Since voting requires multiple prompts, it may be more appropriate when there is a budget to guide the threshold number.
Conclusion: Combining Thoughts Saves You Money
Let's see how much money the MoT technique saves and its impact on the accuracy of the answers.
The researchers used the following sum to calculate the immediate cost:
- The cost of ordering the weakest model (because we can order it multiple times)
- The cost of the response evaluation process.
- If the evaluation process rejects the answer, we add the cost of boosting the strong model
The results were dramatic:
- Using variants of MoT (combining voting and verification with CoT and PoT) can deliver performance comparable to 40% of the cost of using GPT-4 alone.
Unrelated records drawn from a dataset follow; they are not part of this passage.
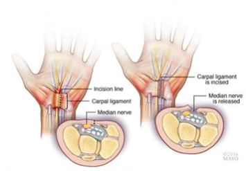 During carpal tunnel release, a surgeon makes an incision in the palm of your hand over the carpal tunnel ligament and cuts through the ligament to relieve pressure on the median nerve. The surgery may be done by making one incision on the palm side of the wrist.
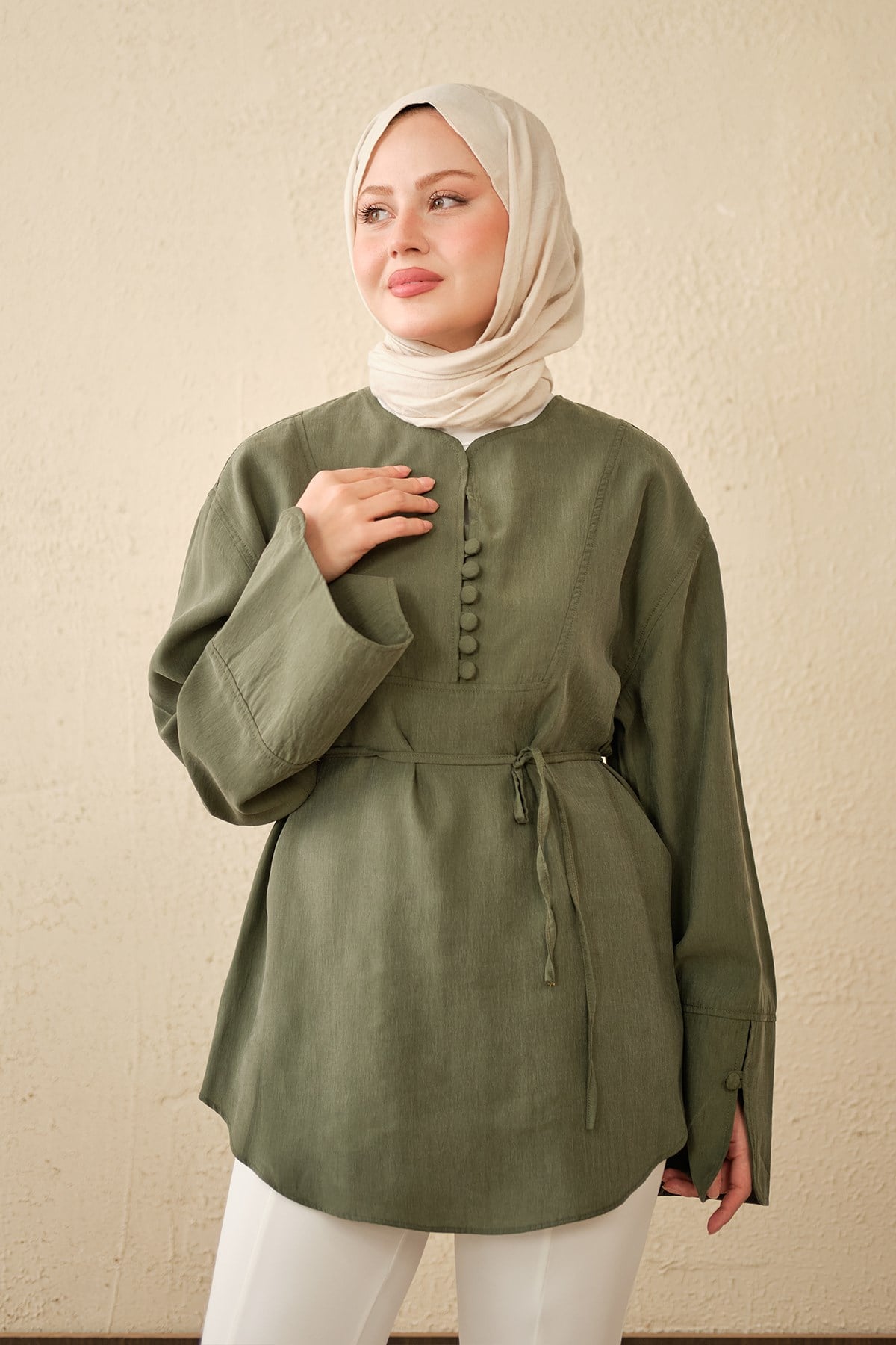 Önü Çoban Düğmeli Bel Bağlamalı Tunik Haki Yeşil
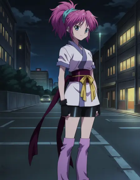 马尾辫,短发,日本服饰,骑行短裤,黑色露指手套,腿套,腰带,发带
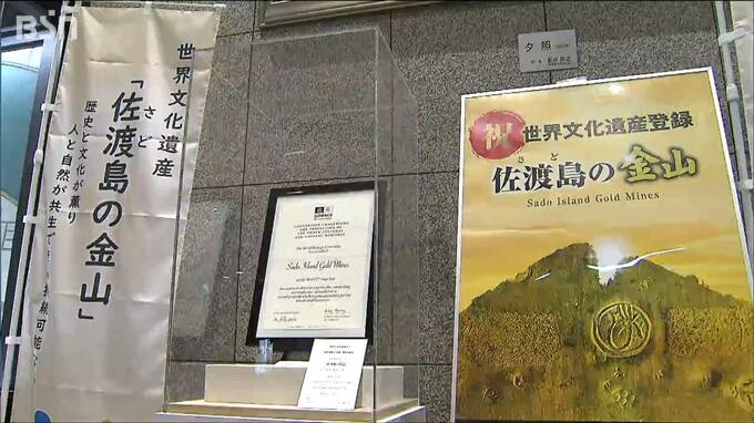 「佐渡島の金山」が世界遺産に登録されたこと示す認定書が20日、新潟県庁に展示されました。県庁の1階に展示されたのは「世界遺産一覧表記載認定書」です。【記者リポート】「認定書は県庁の正面玄関を抜けたとこ…
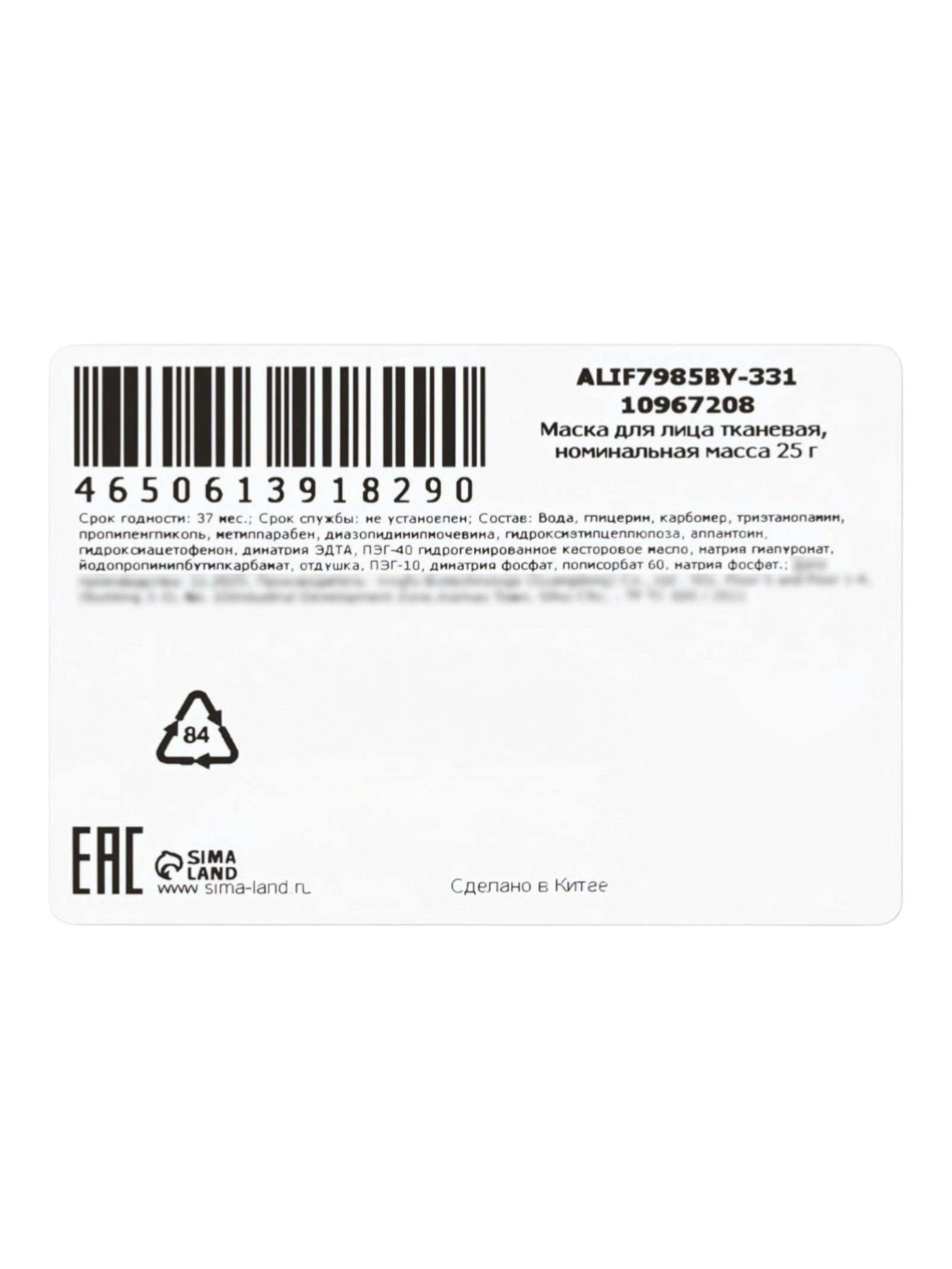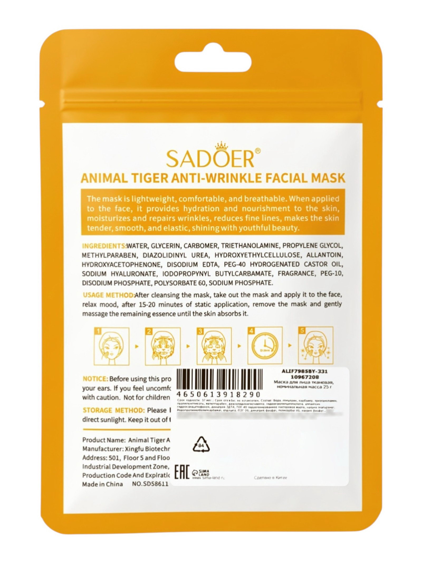 Тканевая маска, увлажняющая "Тигрёнок", 25 мл, SADOER, Китай

- In the evidence against CREPE Q&A Dataset, MoT outperformed GPT-4 by 47% of its cost.
- Combining PoT and CoT improves decision making compared to using either technique alone.
- Increasing the threshold when using the voting method did not significantly affect quality despite the additional cost.
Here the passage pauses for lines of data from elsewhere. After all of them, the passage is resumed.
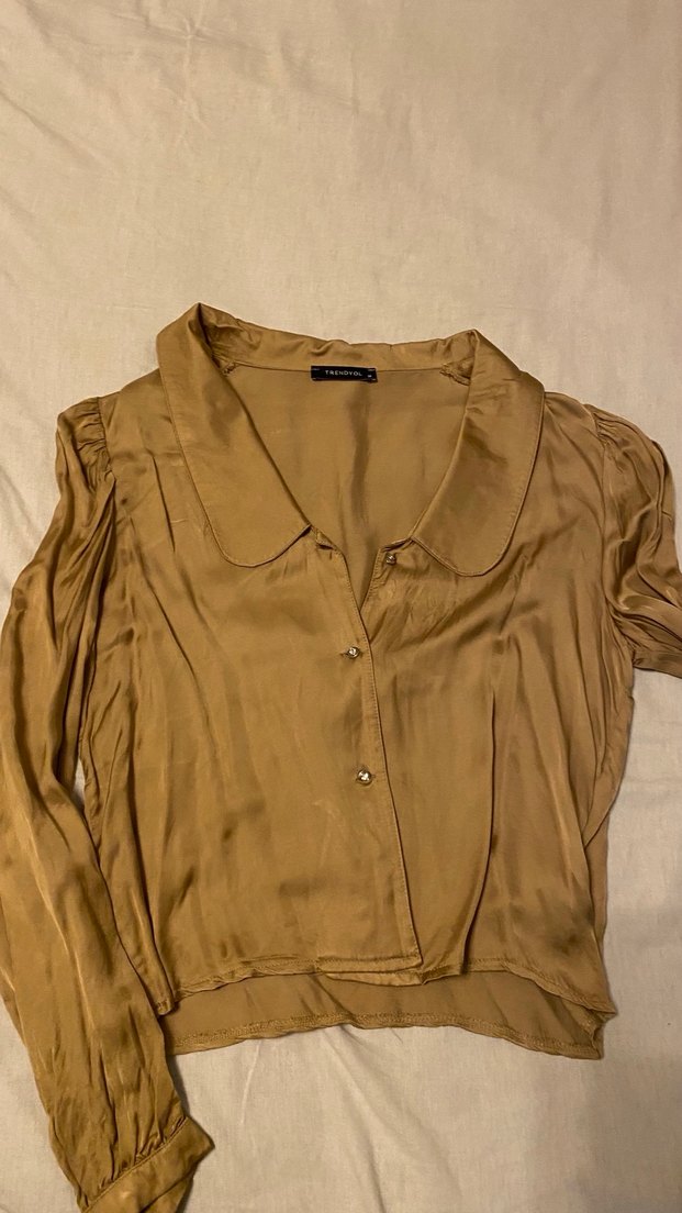 Bej renkte, düğmeli ve yakalı uzun kollu kadın gömleği. Saten kumaştan, bol kesim ve parlak dokusuyla günlük kullanım için uygundur.✨
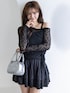 繊細なレース素材が目を惹くオープンショルダートップス。 程よい肌見せデザインで、甘さの中に大人っぽさをプラスしてくれる一枚です。 軽やかに揺れるラインストーンティアードミニスカートと合わせれば、フェミニンさとモード感を両立したトレンドスタイルに。 ブラックでまとめることで、可愛さの中にも洗練された印象を演出できます。 足元はボリュームソールでバランスよく仕上げるのがおすすめ。 デートやお出かけにもぴったりな主役級コーデです。
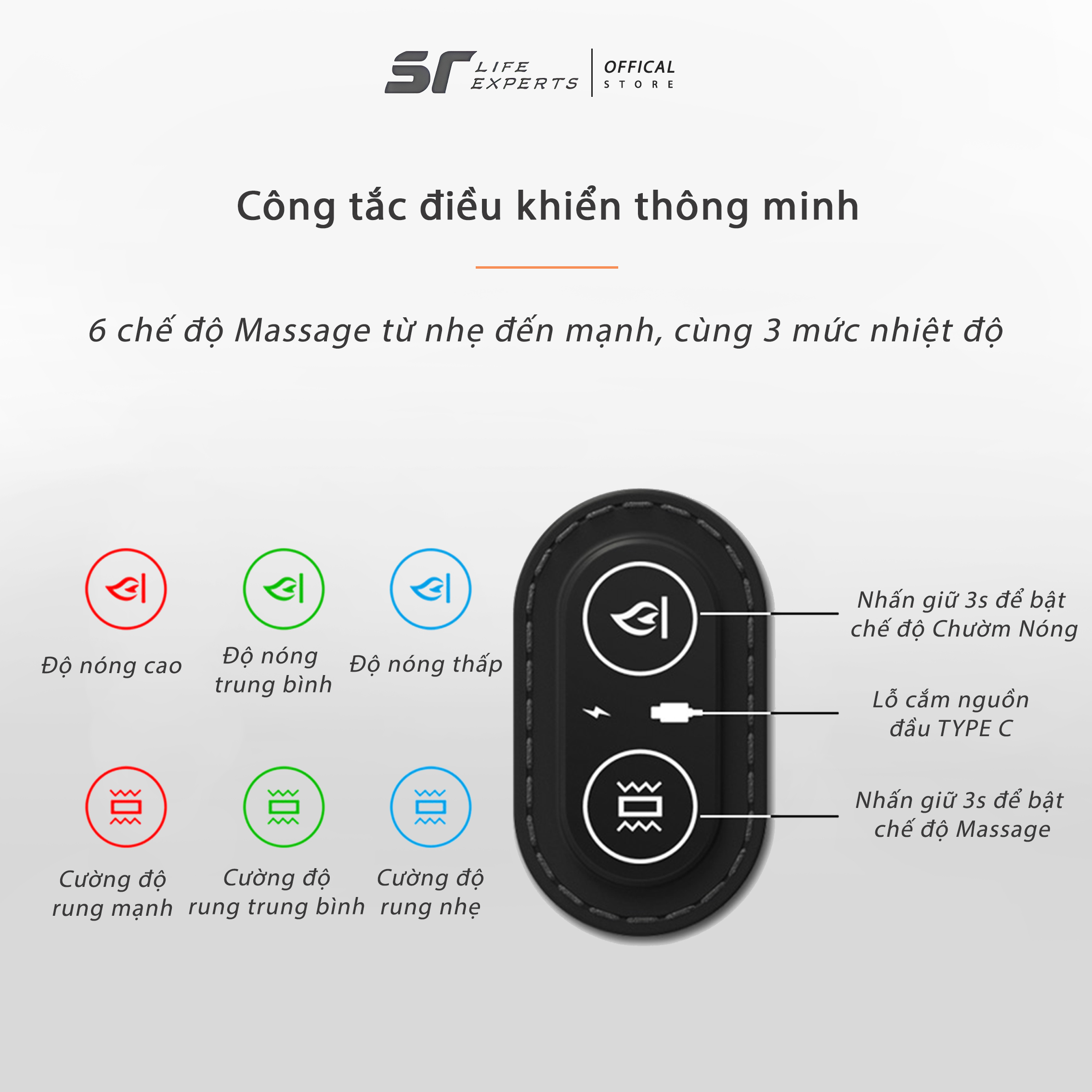 - Chườm nóng 3 mức độ, giảm đau sâu vùng vai gáy.

- The coherence model proved effective in reliably identifying correct LLM responses. Successfully predicted when to resort to using the strong model for optimal results.
Hosting and managing large language models (LLMs) internally comes with significant challenges. They bring complexity, high costs, and the need for extensive data infrastructure and resources. As a result, LLMs present substantial obstacles for organizations seeking to leverage their broad capabilities. That may lead you to turn to hosted LLMs. However, this approach presents companies with unforeseen cost increases and budget challenges as they expand into new use cases. This is especially evident when the latest powerful models are integrated. To avoid that fate, you face a new dilemma: can you rely on weaker, more affordable models? Can you overcome concerns about your accuracy when handling complex questions?
LLM Cascades with Mixture of Thought (MoT) offers two important steps forward:
- Substantial cost savings compared to exclusively using the latest models.
- Demonstrable results on par with the latest models.
This advancement provides organizations with a practical and efficient approach to navigate the delicate balance between the powerful capabilities of LLMs and the imperative to manage costs effectively.
Domino software engineer Subir Mansukhani contributed to this post.